Following the medal presentation, BBC analysts Steve Cram and Michael Johnson began a discussion which verged on becoming heated, the spice being provided by Johnson.

Johnson had questions for Cram regarding his focus on Gatlin as a drugs cheat and his failure to run the BBC highlighter pen over the careers of others.

Steve Cram: I'm never going to sit here - I'm really sorry - I'm never going to sit here and be an apologist for Justin Gatlin or what he represents.

Gabby Logan: You don't have to apologise to anyone here.

Michael Johnson: Why don't you mention all of the other people? Because how is it that Justin Gatlin stands out so far above in your mind and other people's mind above all the other drug cheats? Explain the difference between him and the others.

SC: I've talked on air about Marion Jones...

MJ: Come on, Marion?

SC: OK, Rashid Ramzi. Seriously, on air, all the time.

MJ: Seriously, what about the people who are here though. What about today? The people that are here.

SC: I think I said yesterday that one man shouldn't carry all of the hate and one man shouldn't get all of the love, which is Bolt, that's what he represents.

If we acquiesce all the time, which is what we have done, we're all responsible in our sport for allowing this situation to over a number of years to arrive. We let our federations be badly run.

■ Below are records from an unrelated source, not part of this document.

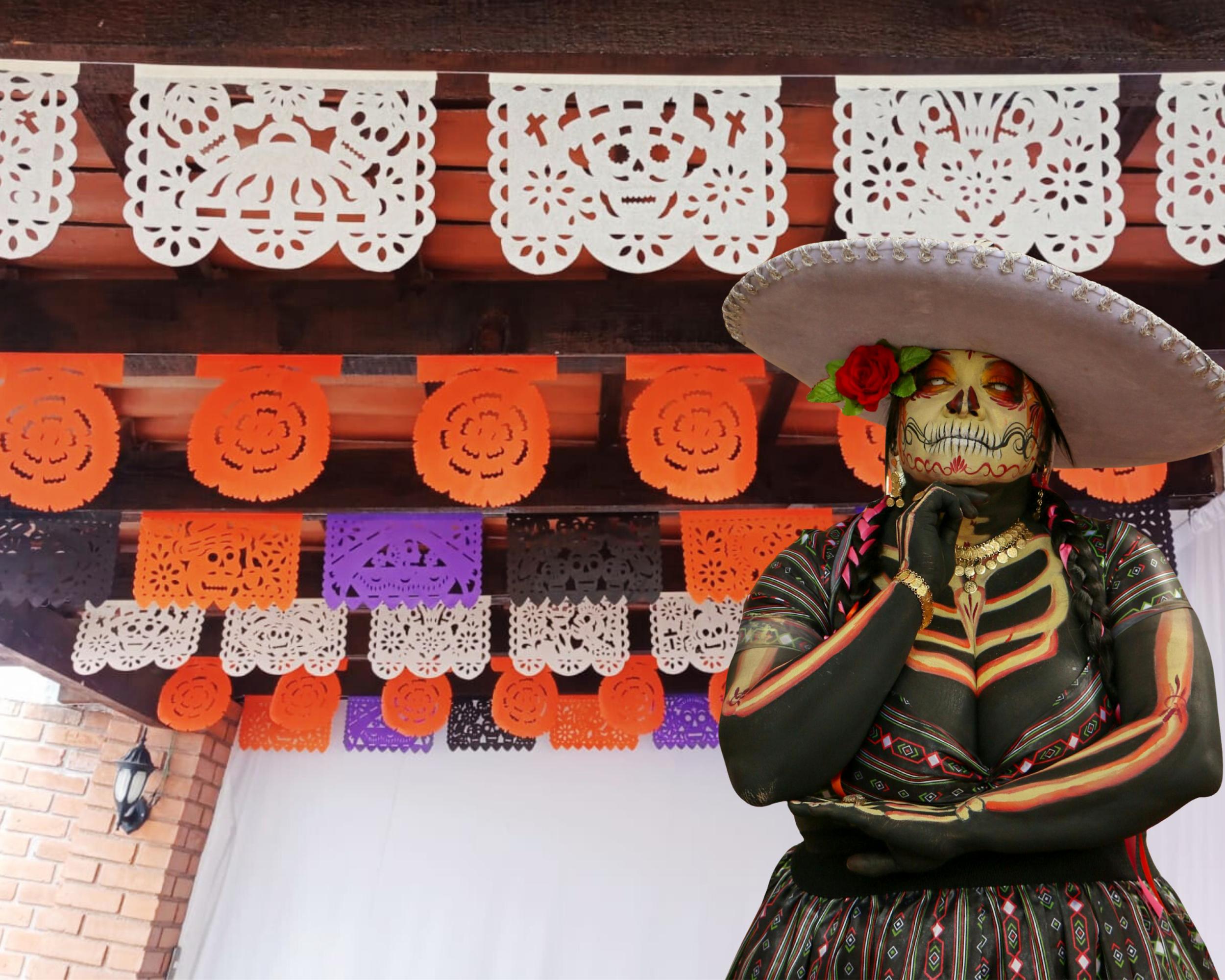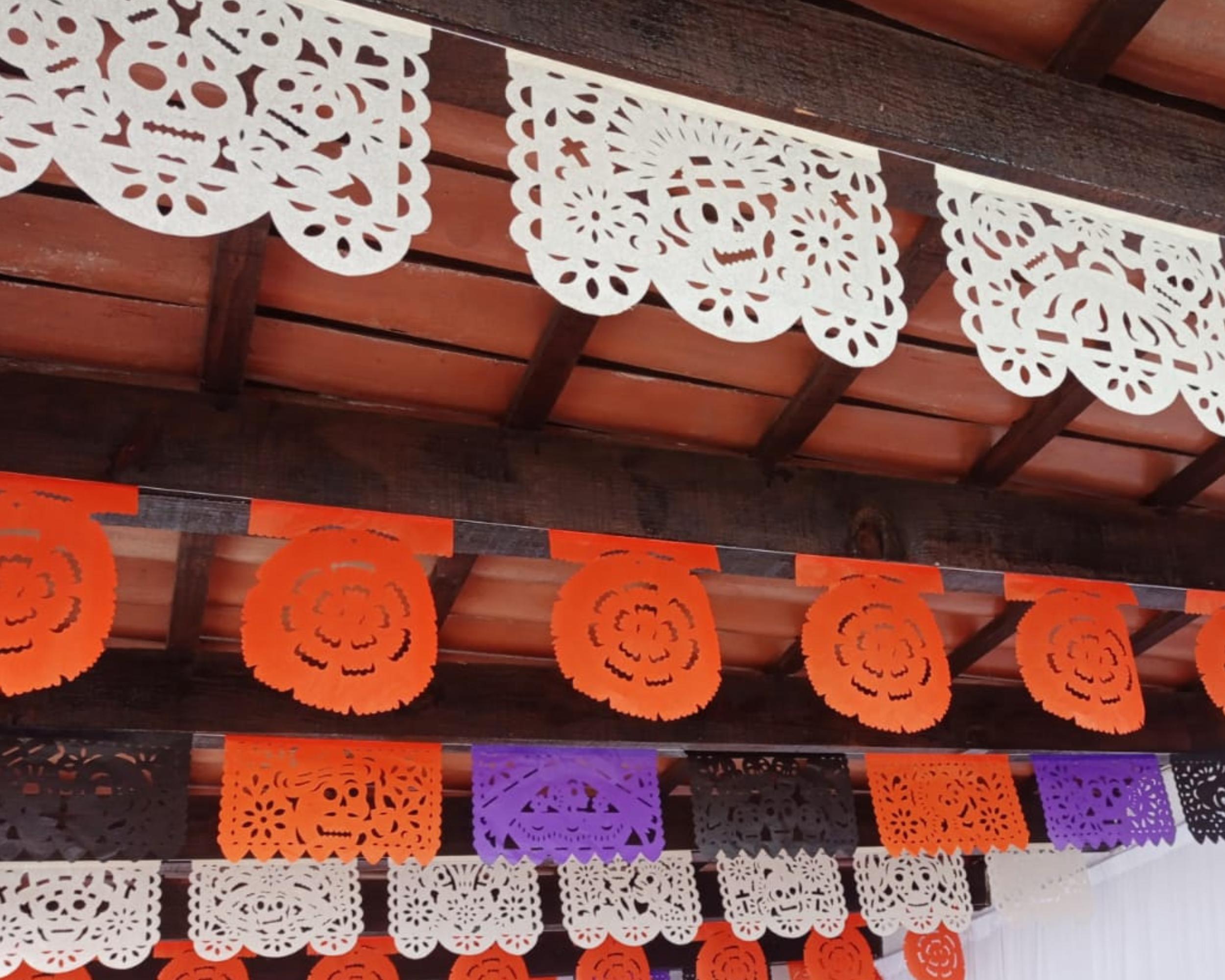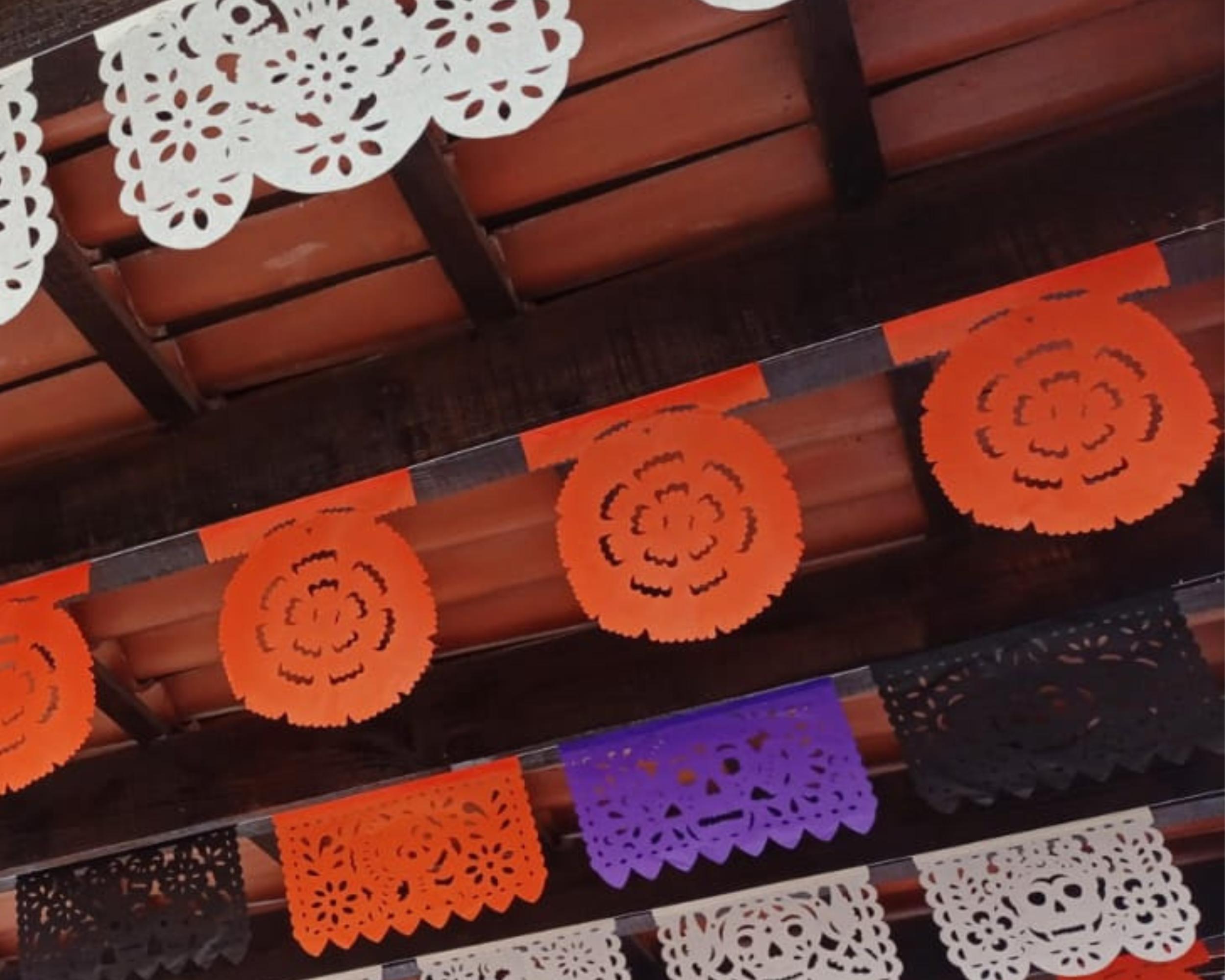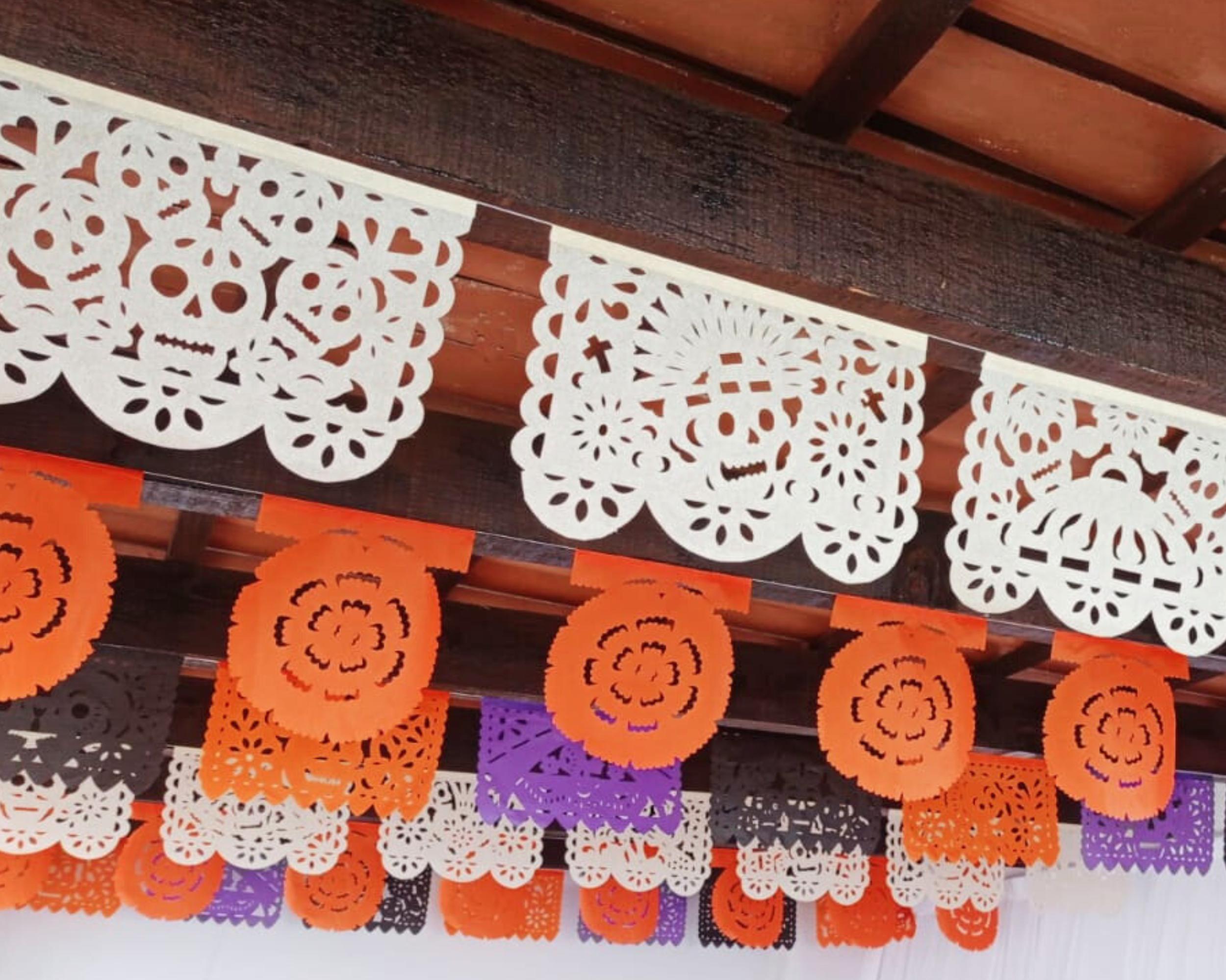 Orange Marigold Day of the Dead Papel Picado Banners - 6 Pack/Tissue paper
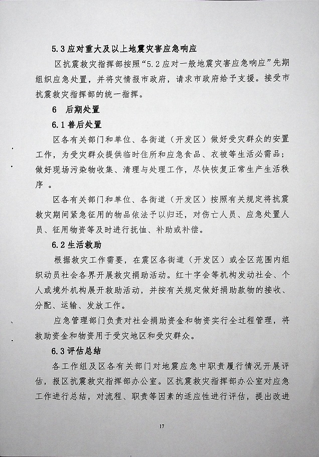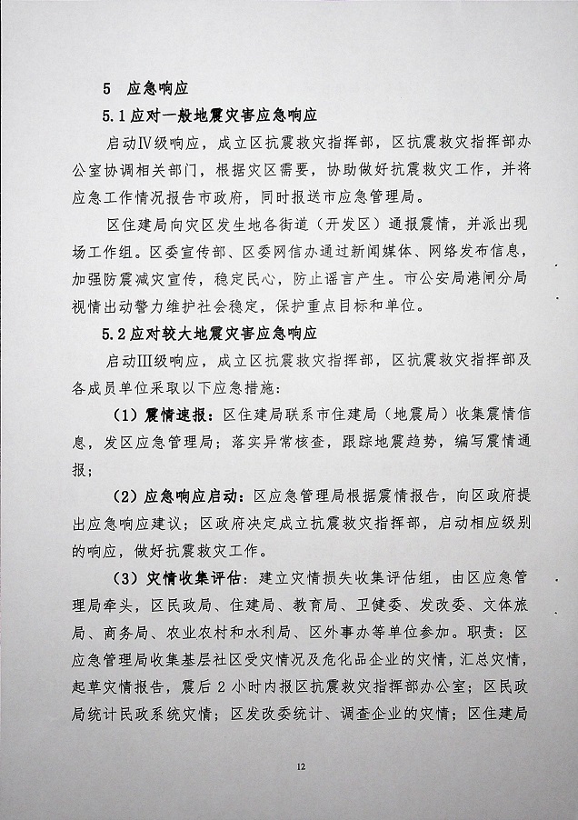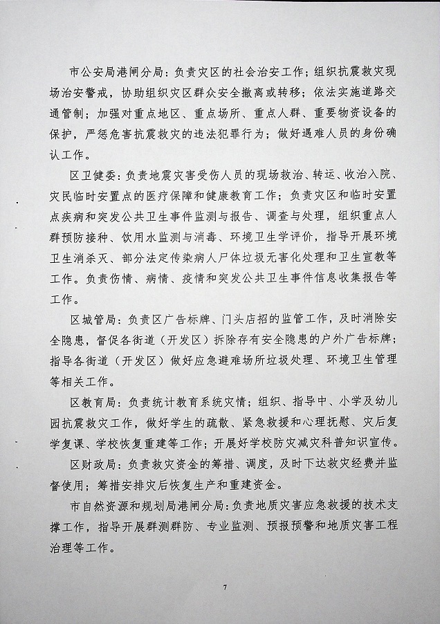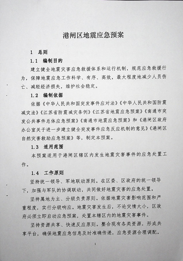 名稱: 區政府辦公室關于印發《港閘區地震應急預案》的通知
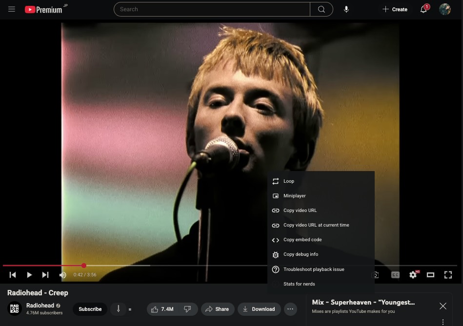 YouTube moved the “Miniplayer” button to above the “Copy video URL” button.
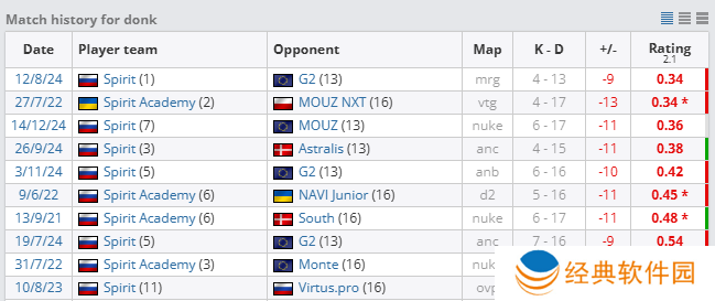 donk6-17-1140.20.36其中0.36 Rating为donk加入Spirit之后的生涯第二低,他生涯最低Rating为0.34 Rating,是在IEM科隆2024 A组败者组首轮对阵
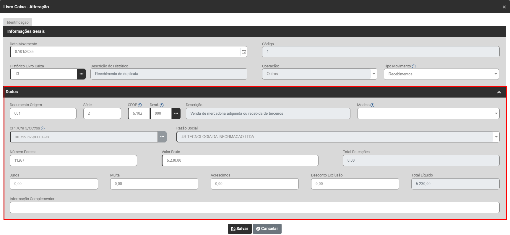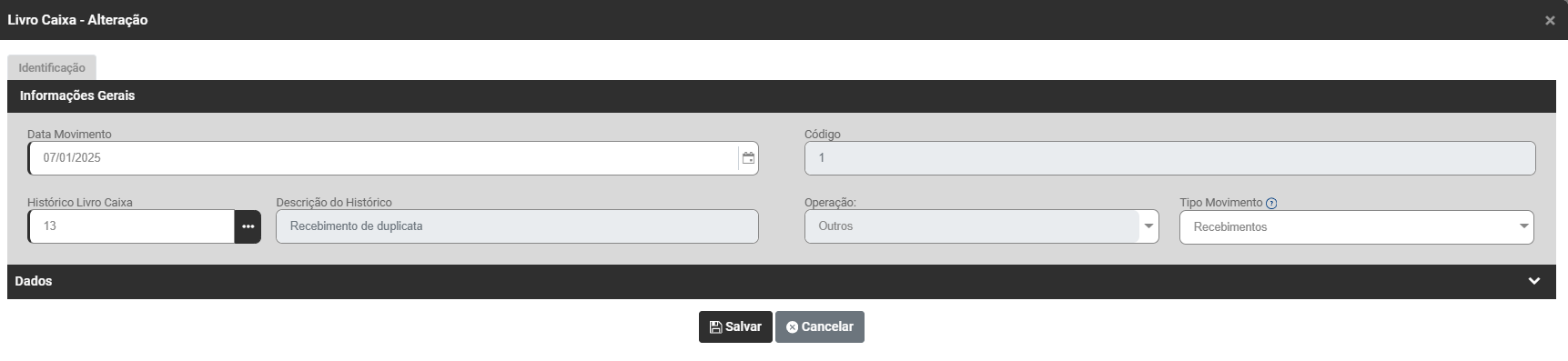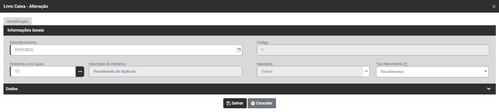 - Tipo de Movimento - Preencha nesse campo se esse movimento é um recebimento ou pagamento.
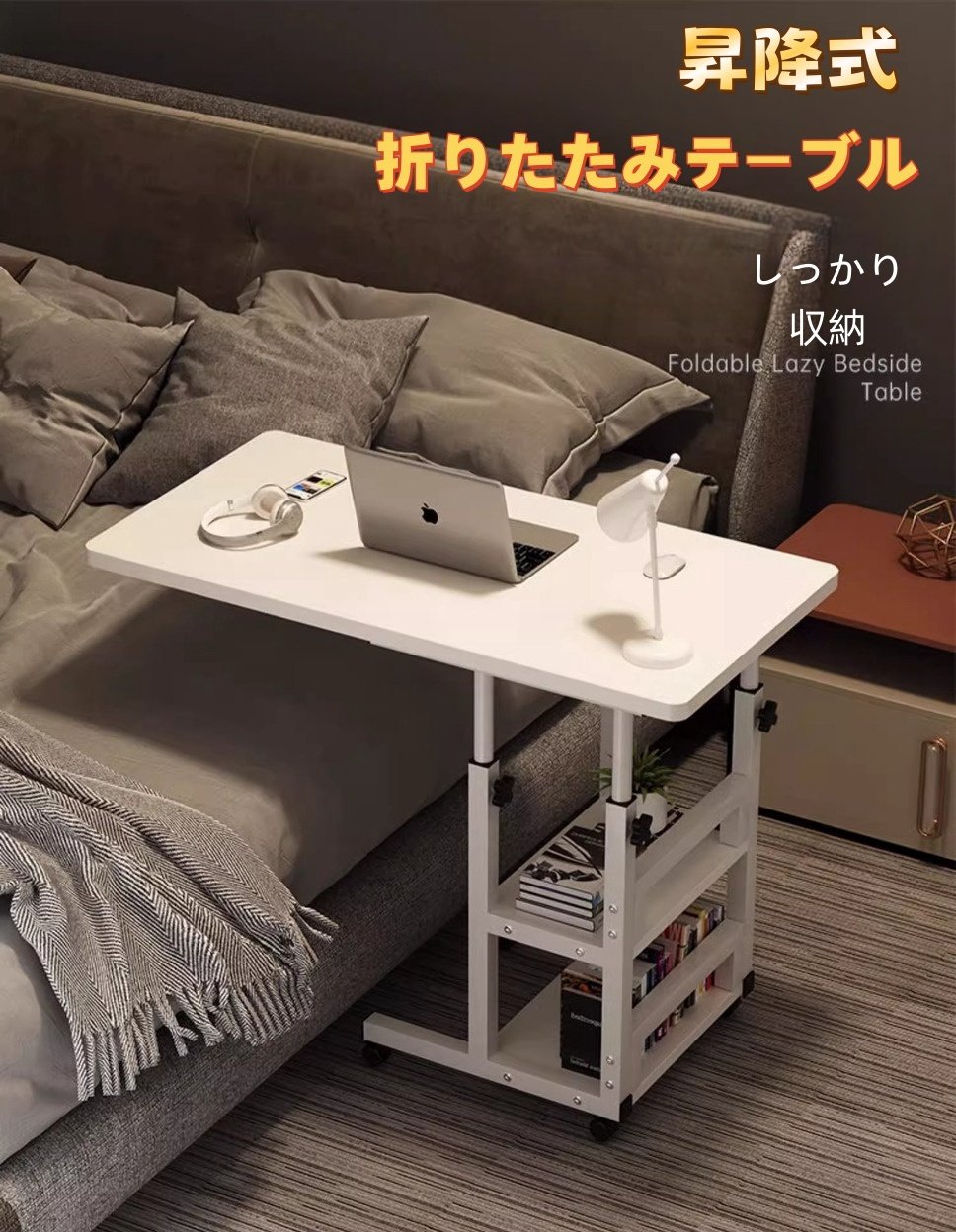 ■サイドテーブル ベッドテーブル パソコン デスク 学習テーブル 移動式 昇降式テーブル おりたたみサイド テーブル 高さ調節可能 収納
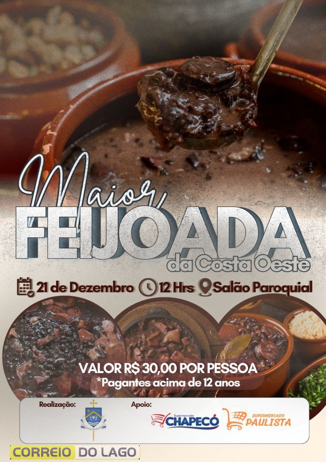 No dia 21 de dezembro, a programação inicia com a Santa Missa em Ação de Graças pelos 38 anos de emancipação de Diamante D’Oeste, celebrada às 10h, na Igreja Matriz. Na sequência, a partir das 12h, será realizado o almoço comemorativo, conhecido como a maior feijoada da Costa Oeste, no Salão Paroquial. O valor é de R$ 30,00 por pessoa, para participantes acima de 12 anos.
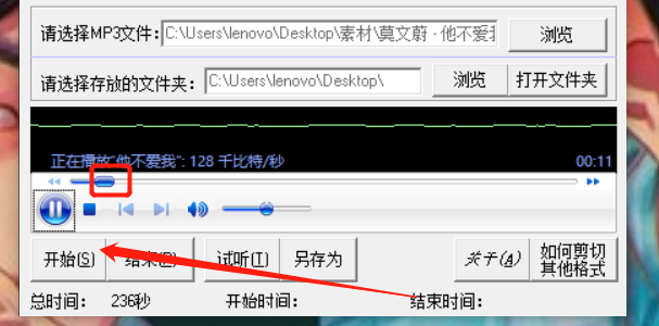 4.然后下一步我们就可以开始设置剪切文件的开始时间和结束时间了,将播放进度条移动到想要剪切的开始时间位置之后点击下方的开始按钮。
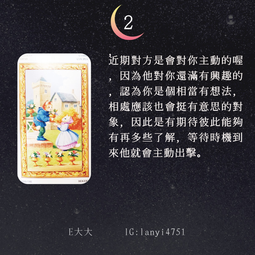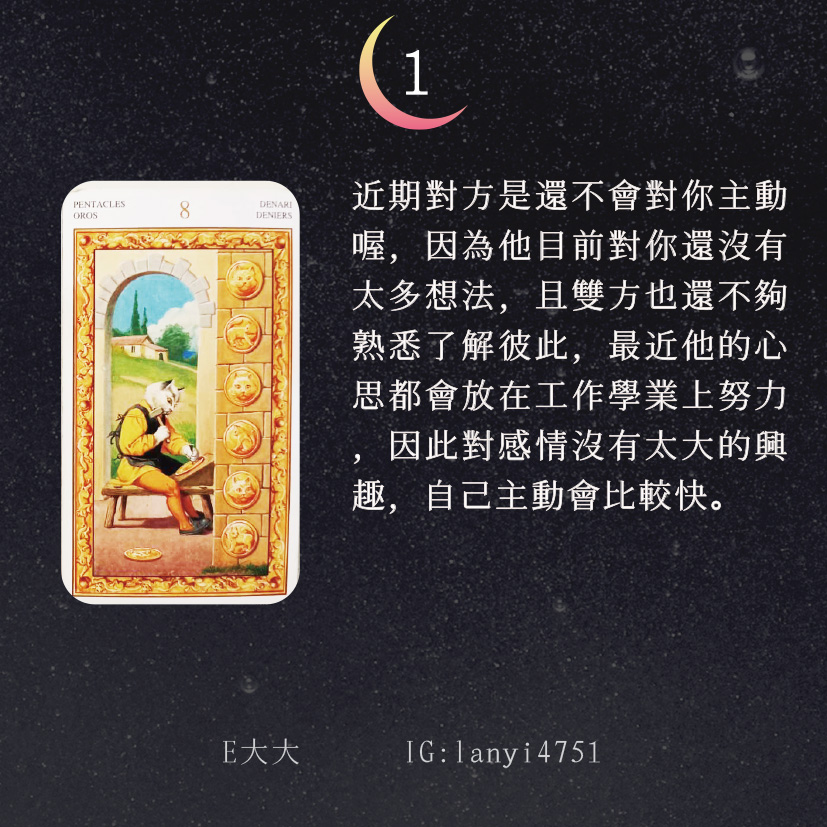 哈囉大家好嗎?我是E大大唷~直言直語的塔羅牌占卜師!偶爾也會分享多年來累積的知識及經驗,讓大家能夠更了解塔羅牌這回事。日後E大會維持每日一更大眾占卜or心理測驗(除非我太累啦😂)歡迎關注追蹤我囉!https://linktr.ee/lanyi47511

We let the people who were meant to be looking after our sport ride roughshod over all the things we call dear. We are partly responsible for that.

Now that we are in the media we have a responsibility, within reason, to educate people.

MJ: I don't disagree with you there but I think that we've done a poor job of educating because we created a story that was not accurate. We created a villain and hero story that created most of this.

The fact that Justin Gatlin was in this stadium in 2012 and no one booed him is proof of that. In 2015 when Gatlin was starting to get close to Bolt and people were getting fed up of the drug situation, we created this narrative and we didn't do a good job of educating people about all of the drug cheats in the sport and how they've gotten away with it. To your point, what the federation has not done, we didn't educate them about that. We gave them a representative.

SC: I've only ever tried to deal in facts. I don't know Justin Gatlin very well; I don't know if he's a nice guy or a bad guy. The other people that I might suspect and there might be a few here who are cheating, I can't say anything until they've failed a test and they've been given a ban. Then that becomes a fact.

Admittedly because Gatlin is in our faces, that gets repeated and repeated more than a guy who finished 12th in the discus. That just happens to be, it's not his fault, it's just that he happens to be in the 100m and he's against Bolt. Inevitably he has become the villain or people have decided to make him the villain. I hope I've never called him a villain, I hope [that] I've just said, 'This guy has failed two drugs tests'.

I try when I'm commentating in Diamond League to say it where I think it's relevant; I can't say it all the time because I would never get any commentating done.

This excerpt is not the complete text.